◆ **Exercise**
Reproduce every line of the listing as written, apart from the pictures.

◆ **Supplied data**

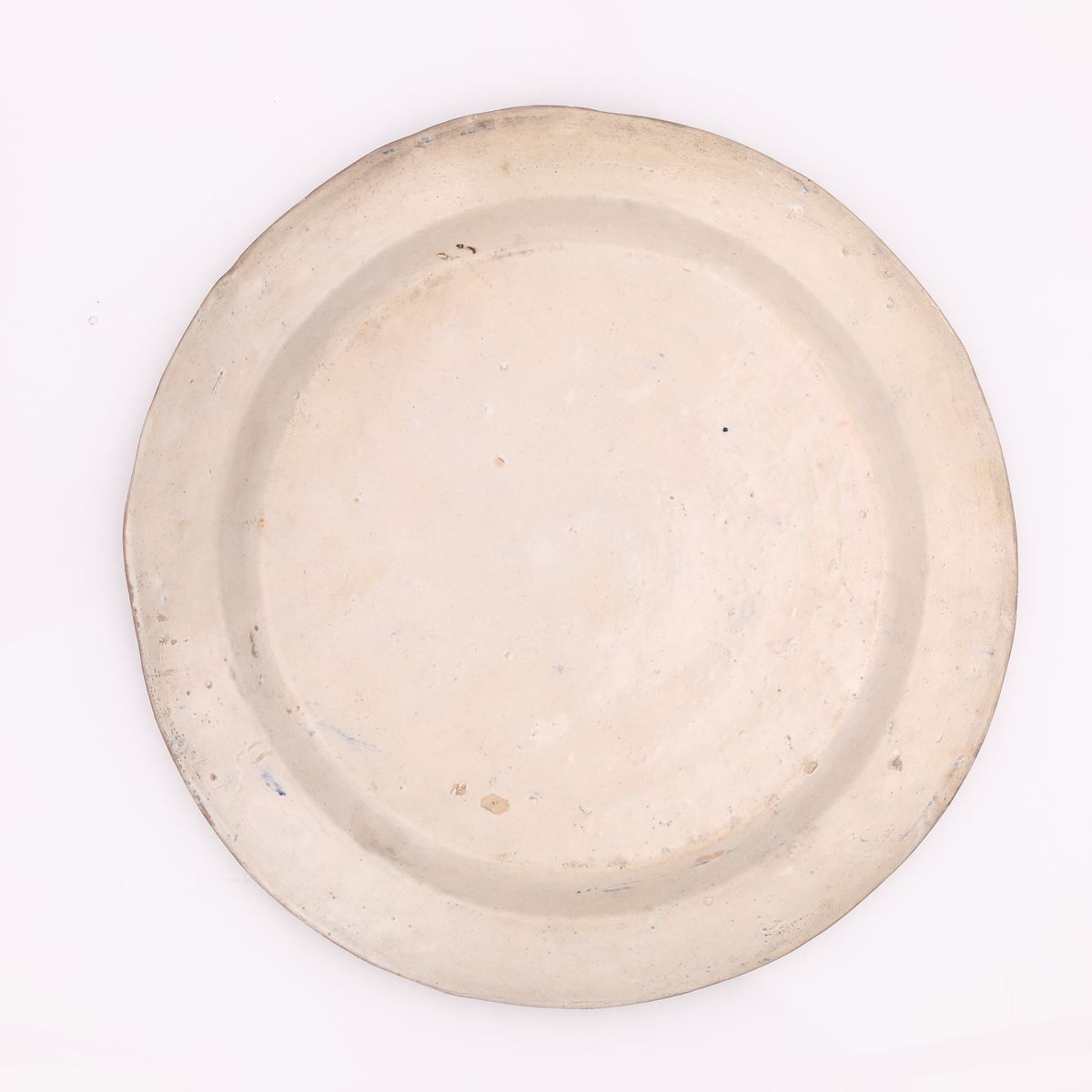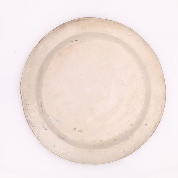 decorato in giallo e blu a cerchi concentrici; al centro motivi geometrici gialli e lungo la tesa ghirigori blu a stampino. Alcune sbeccature sul piatto
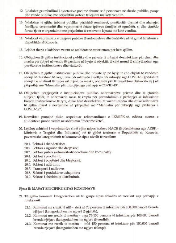 Sipas vendimit, ndalohen të gjitha tubimet publike, përfshirë seminaret, punëtoritë, dasmat dhe ahengjet familjare, ceremonitë dhe veprimtarit fetare (përveç familjes së ngushtë) si dhe çfarëdo formë tjetër e organizimit më përjashtim të rasteve të lejuara me këtë vendim.
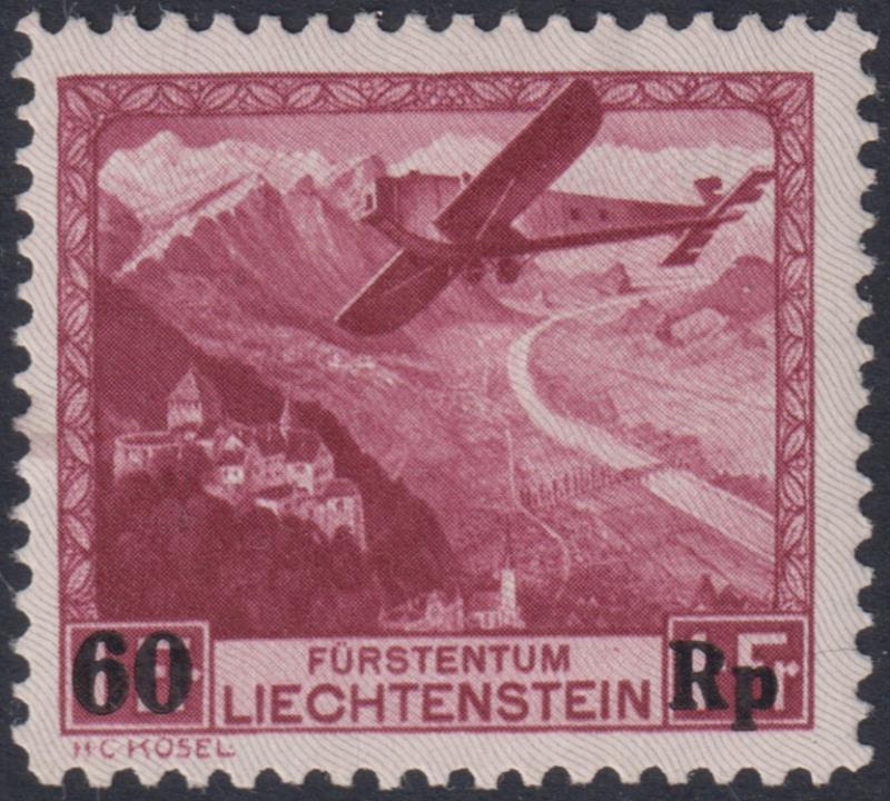 3387 M imageLiechtenstein 1935 60c on 1F Air claret (plane over castle), small adhesion on gum. SG 150. Cat £60. Mint. (Image)
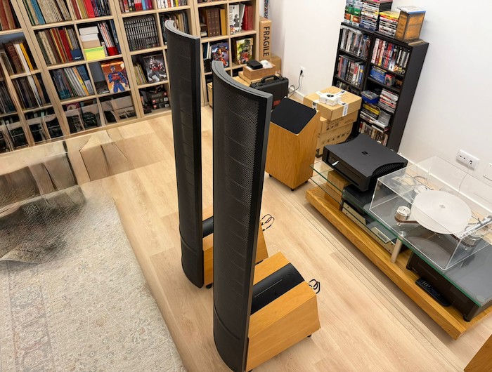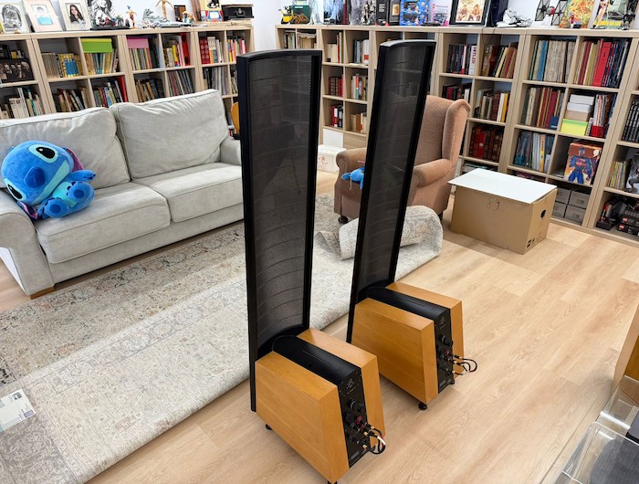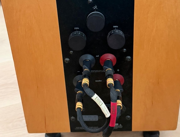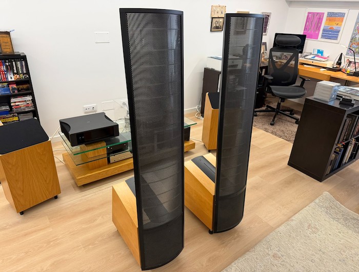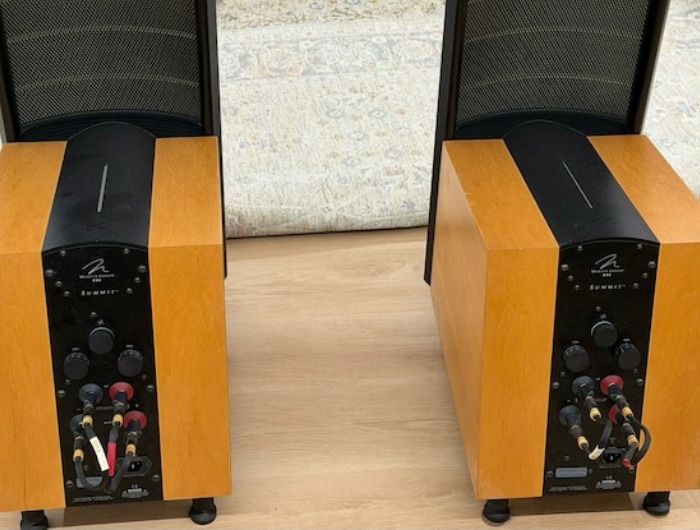 Specifications: Frequency Response: 24Hz to 23kHz (±3dB). Horizontal Dispersion: 30 degrees. Vertical Dispersion: 44-inch (111cm) line source. Sensitivity: 92dB/W/m. Impedance: 4 ohms nominal, minimum 0.7 Ohms @ 20kHz. Crossover Frequency: 270Hz. Components: Custom-wound audio transformer, air core coils, polypropylene capacitors. Woofer: Two x 10” (25.4 cm) (per channel), cast basket, high excursion, aluminum cone with extended throw driver assembly, non-resonant chamber format. Woofer Amp Power: 2 x 200 watts/channel (4 ohms). Bass Controls: ±10dB at 25Hz & 50Hz. Power Handling: 100-300 Watts/channel. Signal Inputs: Custom bi-wire binding posts. Mains Power Draw: Idle: 20W each, Max: 350W each. Other: Light intensity dimmer control.

◆ **Answer below**
 decorato in giallo e blu a cerchi concentrici; al centro motivi geometrici gialli e lungo la tesa ghirigori blu a stampino. Alcune sbeccature sul piatto
 Sipas vendimit, ndalohen të gjitha tubimet publike, përfshirë seminaret, punëtoritë, dasmat dhe ahengjet familjare, ceremonitë dhe veprimtarit fetare (përveç familjes së ngushtë) si dhe çfarëdo formë tjetër e organizimit më përjashtim të rasteve të lejuara me këtë vendim.
 3387 M imageLiechtenstein 1935 60c on 1F Air claret (plane over castle), small adhesion on gum. SG 150. Cat £60. Mint. (Image)
 Specifications: Frequency Response: 24Hz to 23kHz (±3dB). Horizontal Dispersion: 30 degrees. Vertical Dispersion: 44-inch (111cm) line source. Sensitivity: 92dB/W/m. Impedance: 4 ohms nominal, minimum 0.7 Ohms @ 20kHz. Crossover Frequency: 270Hz. Components: Custom-wound audio transformer, air core coils, polypropylene capacitors. Woofer: Two x 10” (25.4 cm) (per channel), cast basket, high excursion, aluminum cone with extended throw driver assembly, non-resonant chamber format. Woofer Amp Power: 2 x 200 watts/channel (4 ohms). Bass Controls: ±10dB at 25Hz & 50Hz. Power Handling: 100-300 Watts/channel. Signal Inputs: Custom bi-wire binding posts. Mains Power Draw: Idle: 20W each, Max: 350W each. Other: Light intensity dimmer control.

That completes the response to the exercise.